START Task material

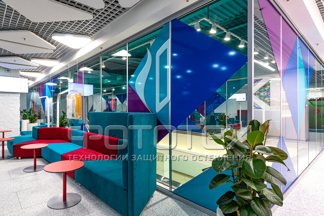 Противопожарное остекление ТРЦ «Калейдоскоп» с использованием декорированных перегородок огнестойкостью EIW 15
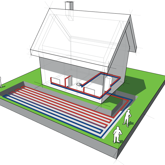 A Ground Source Heat Pump transfers heat from the ground into buildings. Radiation from the sun heats the earth. The earth then stores the heat and maintains, just two metres or so down, a temperature of around 10°C even throughout the winter. A ground source heat pump uses a ground heat exchange loop to tap into this constantly replenished heat store to heat buildings and provide hot water. The technology used is the same as that used in refrigerators. Just as a fridge extracts heat from the food and transfers it into the kitchen, so a ground source heat pump extracts heat from the earth and transfers it into a building.
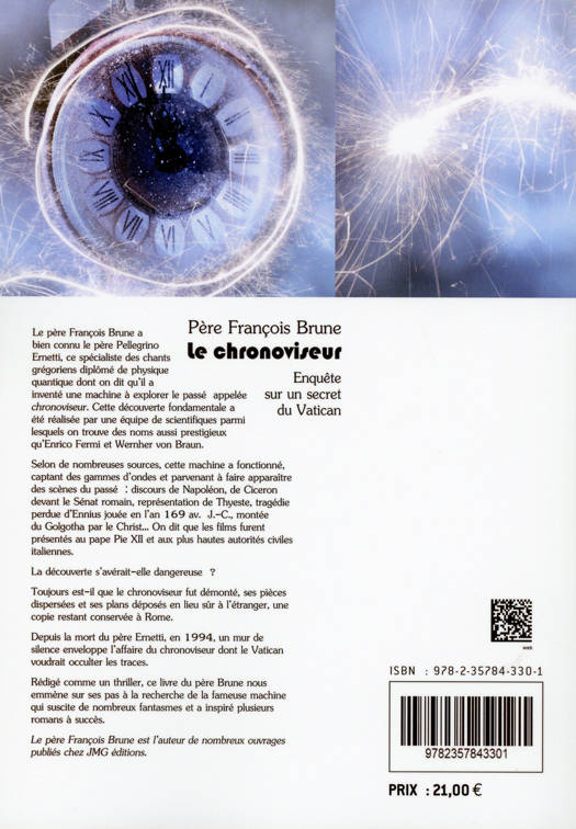 Le père François Brune a bien connu le père Pellegrino Ernetti, ce spécialiste des chants grégoriens diplômé de physique quantique dont on dit qu’il a inventé une machine à explorer le passé appelée chronoviseur. Cette découverte fondamentale a été réalisée par une équipe de scientifiques parmi lesquels on trouve des noms aussi prestigieux qu’Enrico Fermi et Wernher von Braun. Selon de nombreuses sources, cette machine a fonctionné, captant des gammes d’ondes et parvenant à faire apparaître des scènes du passé : discours de Napoléon, de Ciceron devant le Sénat romain, représentation de Thyeste, tragédie perdue d'Ennius jouée en l'an 169 av. J.-C., montée du Golgotha par le Christ… On dit que les films furent présentés au pape Pie XII et aux plus hautes autorités civiles italiennes. La découverte s’avérait-elle dangereuse ? Toujours est-il que le chronoviseur fut démonté, ses pièces dispersées et ses plans déposés en lieu sûr à l’étranger, une copie restant conservée à Rome. Depuis la mort du père Ernetti en 1994 un mur du silence enveloppe l’affaire du chronoviseur dont le Vatican voudrait occulter les traces. Rédigé comme un thriller, ce livre du père Brune nous emmène sur ses pas à la recherche de la fameuse machine qui suscite fantasmes et a inspiré plusieurs romans à succès.
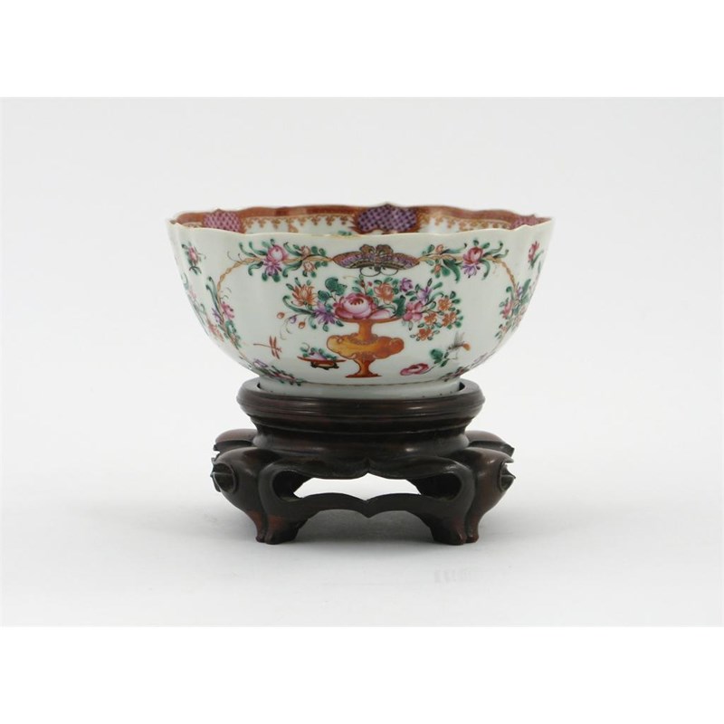 A Chinese famille rose bowl, delicately painted with butterflies and small insects, vases of flowers and scattered sprays, 18th century, 14cm. Together with a hardwood stand. (2)
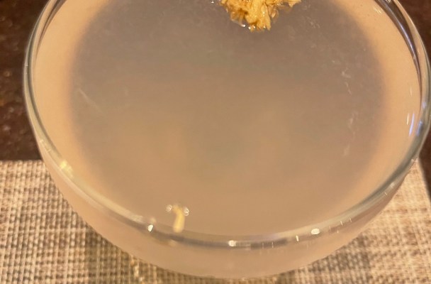 When I saw the bartender pull out a carafe of an opaque liquid from under the bar, I literally winced. As I watched him pour the liquid into a miniature old school champagne glass I’m like “what the hell is he doing?”
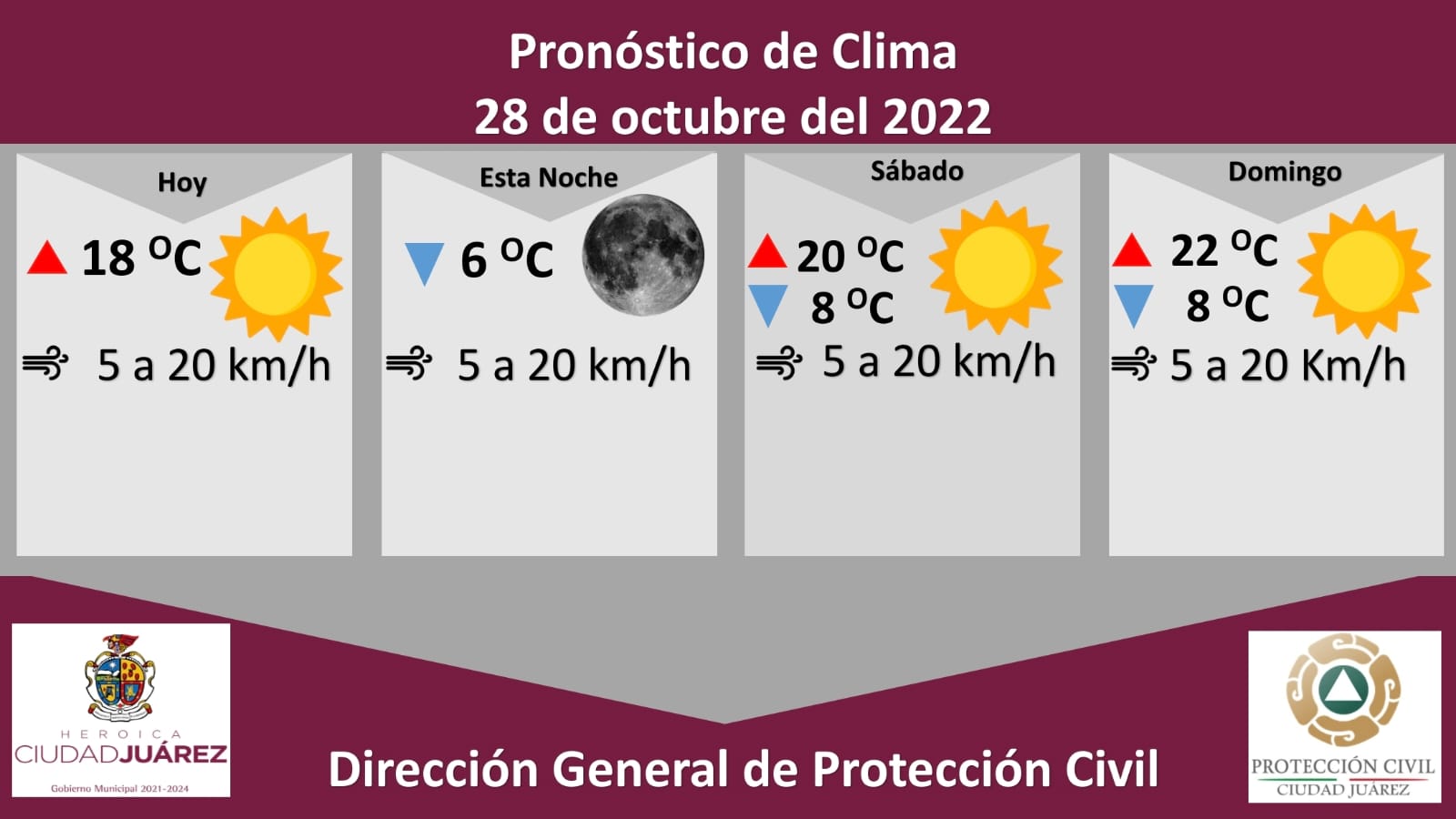 La Dirección General de Protección Civil, con base en informes del Servicio Meteorológico Nacional, pronostica una temperatura máxima de 18 grados Celsius para este viernes, mientras que la mínima se espera en 6 °C, informó Roberto Briones Mota titular de la dependencia.
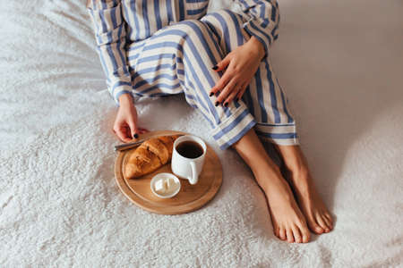 women's beautiful legs in pajamas and next to a coffee with a croissant.the concept of coffee in bed. top view
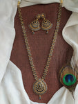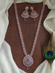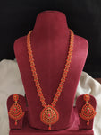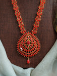 A graceful AD long haram set crafted with real color semi-precious stones, designed to bring rich elegance to traditional and festive looks. Available in striking shades of Full Coral, Full...
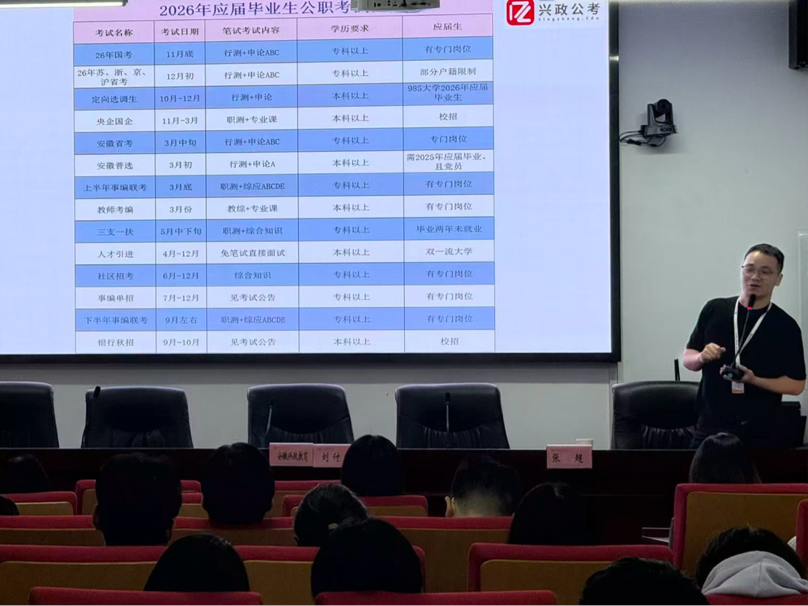 为帮助公法学子深入了解国家公务员考试、科学规划备考路径、提升就业竞争力,2025年10月17日,公共管理与法学院于佳山校区特邀“安徽兴政公考”举办国考备考宣讲会,公共管理与法学院党委副书记、纪委书记、学工副院长周浩然,辅导员产兵华,安徽兴政教育创始人刘付忠校长,安徽兴政公考机构笔试院长张超出席活动。
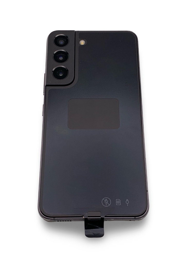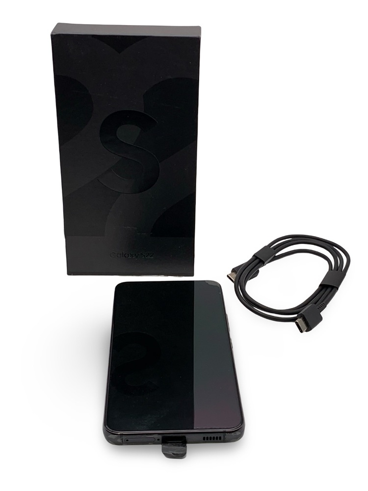 Used Samsung Galaxy S22, model SM-S901U, with 256GB storage in the Rainbow Edition (Black) color. The device is in excellent condition, previously opened but lightly used.
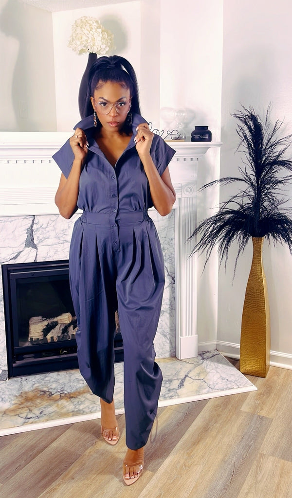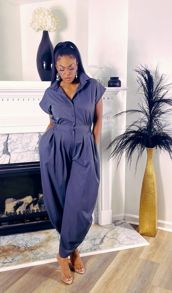 Command the room in a piece that perfectly balances structural precision with effortless movement. This slate-grey utility jumpsuit is designed for the woman who demands both a high-fashion silhouette and functional ease.
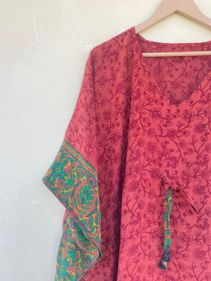 Indian Vintage Recycled Silk Sari Handmade Kaftan Beach Wear Silk Kaftan
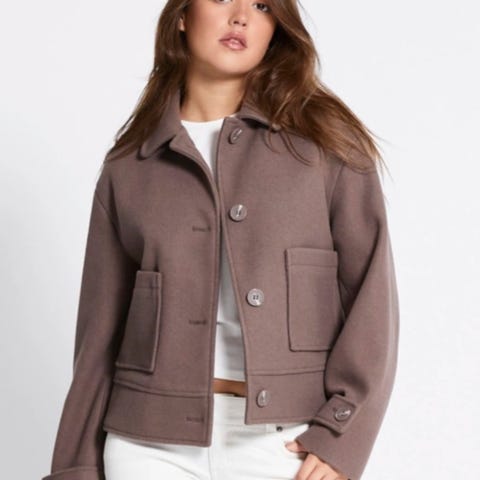 Stilren og tidløs brun jakke i mykt stoff. Perfekt overgangsjakke til vår og høst.
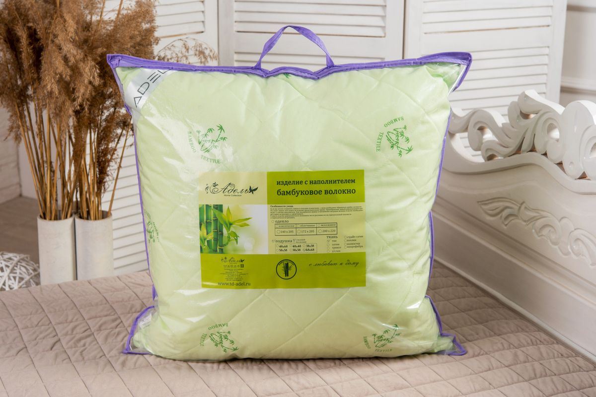 Подушка "Бамбук" тик на молнии лебпух+бамбук,стег,лента,сумка(Н)
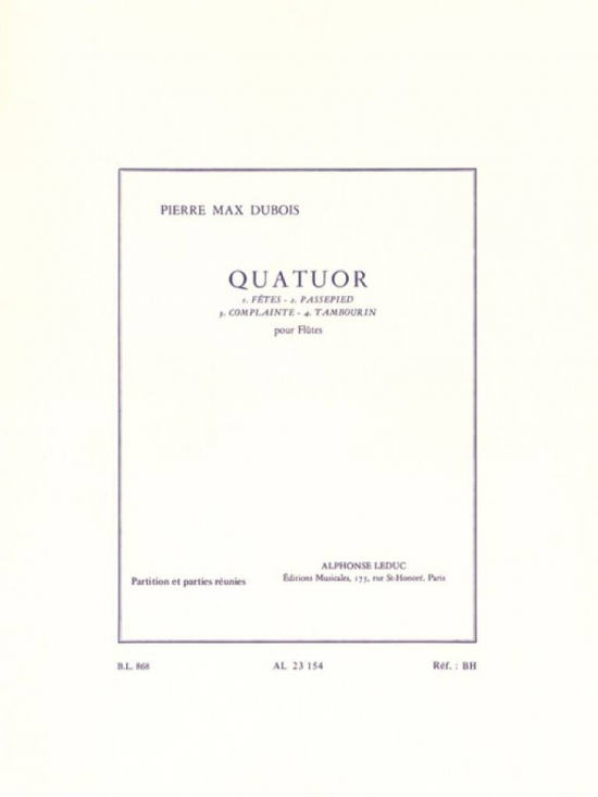Mycket av den musik som finns för flöjtkvartett är arrangerad men här ett ett originalverk. Kanske är det en av anledningarna till att Pierre Max Dubois – Quatuor pour flûtes är så uppskattad.

END Task material

_Work to complete_
Reproduce all of the data exactly, omitting each picture it holds.

_Solution to this task_
 Противопожарное остекление ТРЦ «Калейдоскоп» с использованием декорированных перегородок огнестойкостью EIW 15
 A Ground Source Heat Pump transfers heat from the ground into buildings. Radiation from the sun heats the earth. The earth then stores the heat and maintains, just two metres or so down, a temperature of around 10°C even throughout the winter. A ground source heat pump uses a ground heat exchange loop to tap into this constantly replenished heat store to heat buildings and provide hot water. The technology used is the same as that used in refrigerators. Just as a fridge extracts heat from the food and transfers it into the kitchen, so a ground source heat pump extracts heat from the earth and transfers it into a building.
 Le père François Brune a bien connu le père Pellegrino Ernetti, ce spécialiste des chants grégoriens diplômé de physique quantique dont on dit qu’il a inventé une machine à explorer le passé appelée chronoviseur. Cette découverte fondamentale a été réalisée par une équipe de scientifiques parmi lesquels on trouve des noms aussi prestigieux qu’Enrico Fermi et Wernher von Braun. Selon de nombreuses sources, cette machine a fonctionné, captant des gammes d’ondes et parvenant à faire apparaître des scènes du passé : discours de Napoléon, de Ciceron devant le Sénat romain, représentation de Thyeste, tragédie perdue d'Ennius jouée en l'an 169 av. J.-C., montée du Golgotha par le Christ… On dit que les films furent présentés au pape Pie XII et aux plus hautes autorités civiles italiennes. La découverte s’avérait-elle dangereuse ? Toujours est-il que le chronoviseur fut démonté, ses pièces dispersées et ses plans déposés en lieu sûr à l’étranger, une copie restant conservée à Rome. Depuis la mort du père Ernetti en 1994 un mur du silence enveloppe l’affaire du chronoviseur dont le Vatican voudrait occulter les traces. Rédigé comme un thriller, ce livre du père Brune nous emmène sur ses pas à la recherche de la fameuse machine qui suscite fantasmes et a inspiré plusieurs romans à succès.
 A Chinese famille rose bowl, delicately painted with butterflies and small insects, vases of flowers and scattered sprays, 18th century, 14cm. Together with a hardwood stand. (2)
 When I saw the bartender pull out a carafe of an opaque liquid from under the bar, I literally winced. As I watched him pour the liquid into a miniature old school champagne glass I’m like “what the hell is he doing?”
 La Dirección General de Protección Civil, con base en informes del Servicio Meteorológico Nacional, pronostica una temperatura máxima de 18 grados Celsius para este viernes, mientras que la mínima se espera en 6 °C, informó Roberto Briones Mota titular de la dependencia.
 women's beautiful legs in pajamas and next to a coffee with a croissant.the concept of coffee in bed. top view
 A graceful AD long haram set crafted with real color semi-precious stones, designed to bring rich elegance to traditional and festive looks. Available in striking shades of Full Coral, Full...
 为帮助公法学子深入了解国家公务员考试、科学规划备考路径、提升就业竞争力,2025年10月17日,公共管理与法学院于佳山校区特邀“安徽兴政公考”举办国考备考宣讲会,公共管理与法学院党委副书记、纪委书记、学工副院长周浩然,辅导员产兵华,安徽兴政教育创始人刘付忠校长,安徽兴政公考机构笔试院长张超出席活动。
 Used Samsung Galaxy S22, model SM-S901U, with 256GB storage in the Rainbow Edition (Black) color. The device is in excellent condition, previously opened but lightly used.
 Command the room in a piece that perfectly balances structural precision with effortless movement. This slate-grey utility jumpsuit is designed for the woman who demands both a high-fashion silhouette and functional ease.
 Indian Vintage Recycled Silk Sari Handmade Kaftan Beach Wear Silk Kaftan
 Stilren og tidløs brun jakke i mykt stoff. Perfekt overgangsjakke til vår og høst.
 Подушка "Бамбук" тик на молнии лебпух+бамбук,стег,лента,сумка(Н)
Mycket av den musik som finns för flöjtkvartett är arrangerad men här ett ett originalverk. Kanske är det en av anledningarna till att Pierre Max Dubois – Quatuor pour flûtes är så uppskattad.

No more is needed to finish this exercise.